On Tuesday 13 March 2007 09:25, pelibali wrote:
> Hi,
>
> I have a Fujitsu Siemens "Mini RF.Mouse" wireless mouse connected to
> my laptop via its own USB dongle. First I used "normal" 1,5V AAA-type
> batteries and max. 2 weeks they were empty. Now I'm using rechargeable
> 1,2V AAAs (850mAh) and they last no longer than 10 days with 1-2 hrs
> of daily work. The system is SUSE 9.1...
>
> My question concerns the following: my brother uses the very same
> type of mouse and his lasts on the Win* platform for 2-3 _months_
> with daily 1-2 hrs of use. We tried to exchange mice, but they
> behaviour the same, so likely no hardware is defected. How this huge
> time difference is possible? We checked also the batteries, but maybe
> the mouse background is also an important point. e.g. I use a pretty
> white and almost flat plate now, where sometimes I see my pointer
> shaking, without even touching the mouse. (This behaviour didn't
> happen on the laptop of my brother, when using _my_ mouse &
> background.)
> In the case of my brother's laptop the USB ports are at the side
> where he uses the mouse (right side), but my Acer has ports only on
> the another, left side. Could that 15cm->40cm (~3x) make such decre-
> ase in the battery life(s)?
>
> Did anyone test the same mouse/battery combo on various SUSE rele-
> ases? Was there some improvement visible? I would be interested
> mainly in a comparison of 9.x and 10.x. The same question as arose
> earlier, is anyone aware of a huge difference between Win* vs. SUSE?
>
> Thanks for any comments/ideas to improve the lifetime of my batteries
> and would also appreciate any weblink on this topic to have a general
> idea, which kind of background would be the best, etc.
>
> Thank you,
> Pelibali

I'm not sure the background has any effect, but you could easily test that--
change it to black for a few days and see what happens.  What I suspect is
the case, is that the software (or firmware) that runs the mouse has a 
much higher duty-cycle at your machine, whether it's the BIOS, the
video card,  or Linux, I couldn't venture an opinion.  If you could 
temporarily set up Linux on your brother's laptop (the same version you use) 

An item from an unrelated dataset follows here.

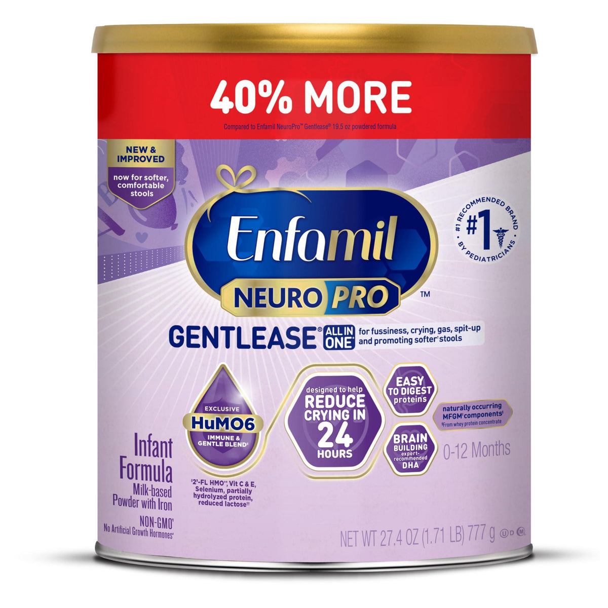 Enfamil NeuroPro Gentlease Baby Formula, Brain Building DHA, HuMO6 Immune Blend, Designed to Reduce Fussiness, Crying, Gas & Spit-up in 24 Hrs, Prebiotics to Promote Softer Stools, Baby Milk, 27.4 Oz

and then test, you could determine. if it's hardware or Linux. If it turns 
out to be hardware, you should alert the manufacturers of your machine and
its video card.  (And the mouse!) They will certainly want to know, since most
of their customers are using Windows, where the problem will also exist.  If 
it turns out the other way--Linux--you should file a bug report.